Another assumption we used to derive our expression Eq (3) is the constraint regarding the energy consumption. Under this constraint, it can be expected that the brain activity is imposed to reduce the communication cost. While this constraint works as limiting the number of connections in the network, excess limitation will cause the isolation of the disconnected components and disrupt the integrated communication in the brain. Then, there would exist a critical point, at which the network consists of the minimum connections sufficient to preserve the efficient communication.

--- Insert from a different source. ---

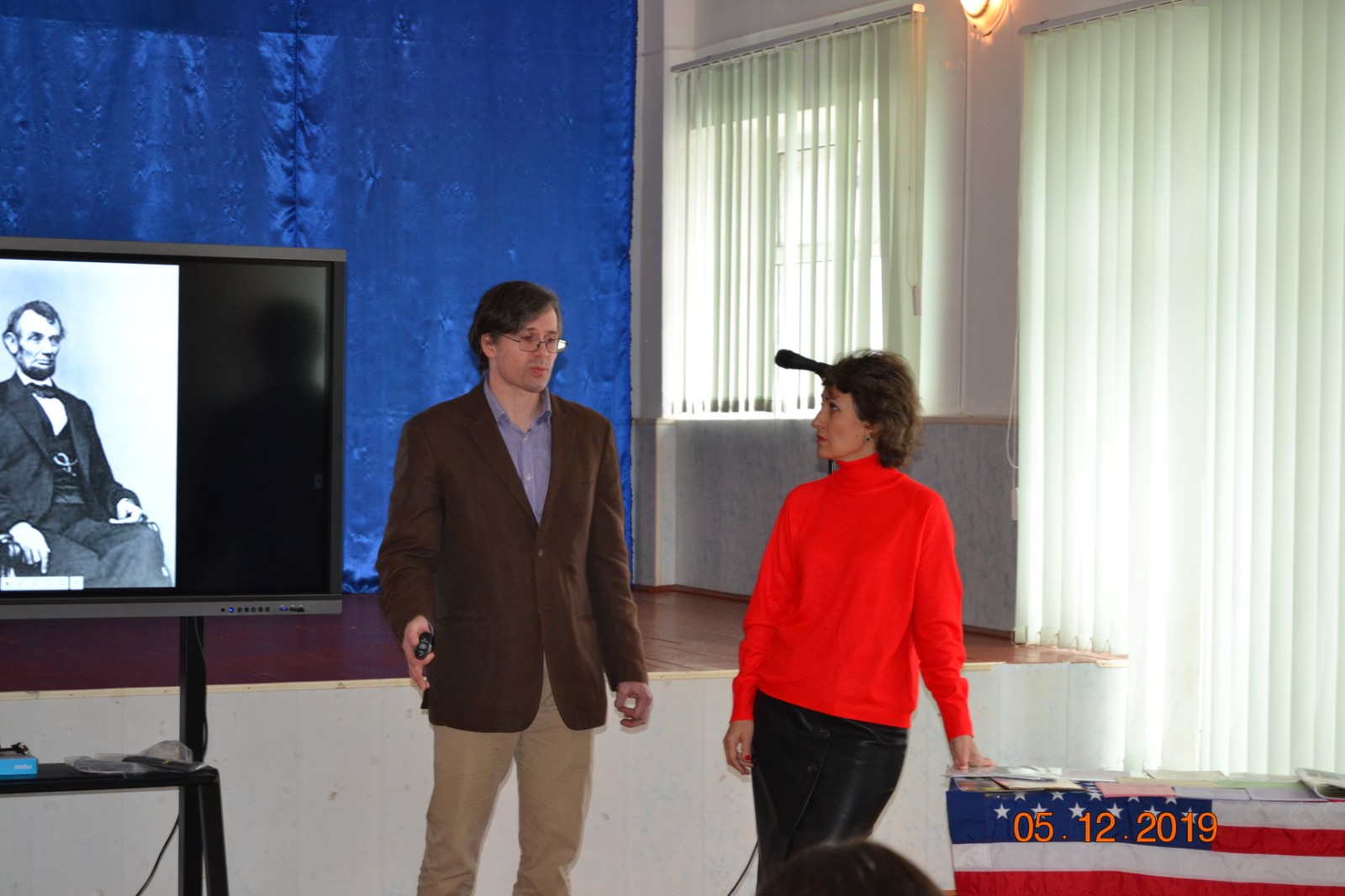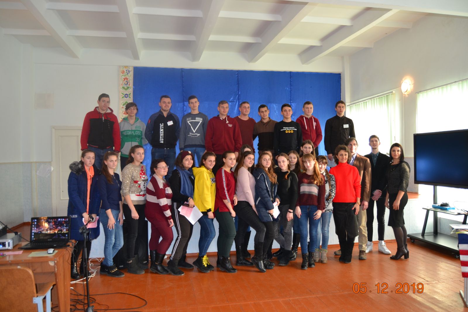 Волонтер Корпусу миру Роберт Тенер, який приїхав з США і на сьогоднішній день працює в МНАУ, викладає англійську мову, провів з випускниками цікавий творчий захід, розповів про життя в Америкі, їхні традиції, Роберт захопив увагу присутніх своєю презентацією про історію США. Школярі із задоволенням спілкувались з носієм англійської мови, Жанна Вікторівна допомагала Робертові в перекладі тексту на українську мову.

As shown in Figs 3 and 4, increasing of the disconnected components causes the increasing of the minimum path length (Fig 3) and it decreases the network efficiency (Fig 4A). On the other hand, the efficiency and the cost have different decreasing ratios (Fig 4A). If we estimate the efficiency per cost, the network efficiency E divided by the cost Cost (Fig 4B), then there exists a trade-off point, at which E/Cost takes its maximum value and the efficiency and the cost are balanced. As we have expected, this point coincides to the critical point, we have specified in above. Then it is suggested that the network structure of the brain is optimized with respect to its efficiency under the constraint of the energy consumption.

In this mechanism, the criticality would contribute to this feature, because the power law allows the abundant existence of the network hub. Due to these hubs, the loss of the network efficiency with losing the connections is expected to be suppressed at relatively low level compared to the cost reduction. Then it results in the emergence of the critical point, at which E/Cost has its maximum value. According to our results, the conditions, the criticality and the energy constraint, have essential roles in realizing the cost effective network structure in the brain.

Concluding remarks

In summarizing the discussion above, our results support the assumption that the economical trade-off between the network cost minimization and the loss of the network efficiency is realized in the brain [50]. The mechanism underlying the network structure in the brain, which is suggested by our results, can be described as follows. At first, due to the energy constraint on the brain, the total number of links and the strength of the connectivity between regions are restricted. On the other hand, the network is required to maintain connections sufficient to preserve the integrated communication between regions. Then the brain operates in the critical state between the connected network and the fragmented one. Around this state, the network efficiency can be preserved at relatively high level compared to the cost reduction, because the power law in the critical state allows the abundant existence of the network hub. Thus the brain achieves the cost effective network structure with reducing the costs.

Data Availability

All relevant data are within the paper.

Funding Statement

The author received no specific funding for this work.